Resolutely she climbed the stone stairs to her boarding house. Near the top of the ridge she gained fresh heart from a swarm of squawking white parrots that settled in a mass covering the branches of a tree. The parrots’ sulphur crests fanned out like the petals of strange flowers as they noisily conversed together.

Those parrots stick together like family. Gem is the only family I have left in the world.

• • •

That night Keziah tossed and turned as she tried to free herself from a nightmare in which the disturbing outline of an alien tree dominated a series of violent images. Red blood gushed forth from the tree’s trunk and fell upon the earth.

Mi-duvel! What savagery lies ahead? May The Del protect you, Gem.’
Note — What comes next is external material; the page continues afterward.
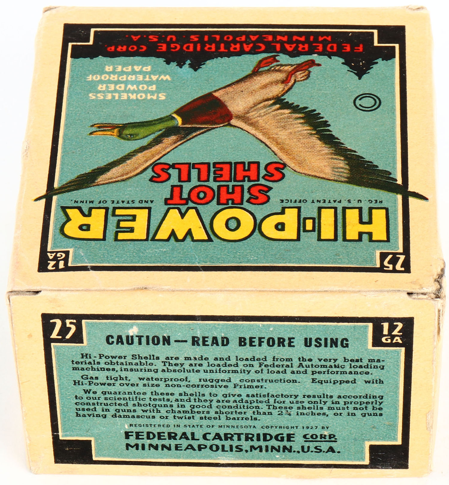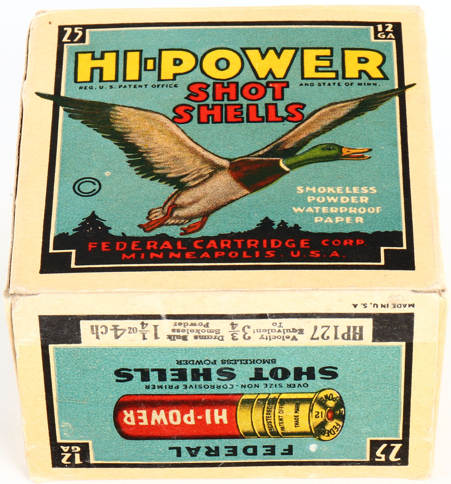 Federal Cart. Co., HI-POWER, 12ga., 1pc., Full, shot size 4ch, Black border, blue, yellow and red box with flying mallard, box is very solid with great colors, Shells are very good. Grade: Excellent - Value: 10 to 40

But no prayers were strong enough to wipe the image of that ghastly tree from her mind. Keziah clung to the silver amulet and her grandmother’s words that she had nothing to fear as long as she had the amulet to protect her. A gnawing sensation in her stomach reminded Keziah she had eaten nothing for hours. She climbed out of bed.

‘All right. I know you’re hungry, little one. It’s my fault you’re on the way, no fault of yours.’

Soaking stale bread in water to soften it, she chewed it bite for bite with a juicy pear. The dark velvet sky was studded with more stars than she had ever seen in her life. Their crazy patterns bore little resemblance to the constellations she had learned as a child.

Keziah ran her hand across her belly and spoke to the little soul inside her.

‘Tomorrow will bring us the answer and show us the road we are meant to take.’